Mechanical comminution (see Chap. 8) is a requirement for the biochemical conversion of biomass to alter the recalcitrance of lignocelluloses by reducing particle sizes and the degree of polymerization of the celluloses (Vidal et al. 2011). The reduction of particle size favours heat and mass transfer during pretreatment, increasing the susceptibility of biomass to hydrolysis. The ultimate particle size is determined by the feedstock type and the pretreatment method applied. In the case of woody biomass, the reduction of particle size to less than 3 mm (based on screen openings used for biomass fractionation) does not impact the digestibility further. Furthermore, the excessive reduction of particle size can have a detrimental effect on the digestibility of softwoods (Cullis et al. 2004). Different pretreatments tolerate different particle sizes: steam explosion allows greater particle sizes (large, >10 mm) followed by liquid hot water (intermediate, 1-15 mm), in turn followed by dilute acid and base pretreatments (low, <3 mm). In the case of biogas production, particle reduction increases digestibility by 5-25 % as well as reducing hydrolysis time by 23-59 % (Kratky and Jirout 2011).

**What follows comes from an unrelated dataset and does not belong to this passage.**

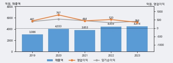 최근 실적을 살펴보면 2023년 매출액이 최근 5년 중 가장 높은 실적을 기록했음을 알 수 있다. 이전 최고 실적이었던 2022년 보다도 0.3%(15억원) 늘어난 것으로 나타났다.

During extrusion, materials are exposed to friction, heat, mixing and shearing, which results in chemical and physical modifications as the material moves through the extruding device. Moreover, the fact that extrusion is a continuous treatment supports its industrial application and subsequent commercialisation. Extrusion induces depolymerisation of cellulose, hemicellulose, lignin and protein which enhances lignocellulose conversion and the yields of biogas or alcohols (Hjorth et al. 2011). This pretreatment has been tested using pine wood chips, resulting in similar sugar recovery to conventional pretreatments but with no by-product formation (Karunanithy et al. 2012).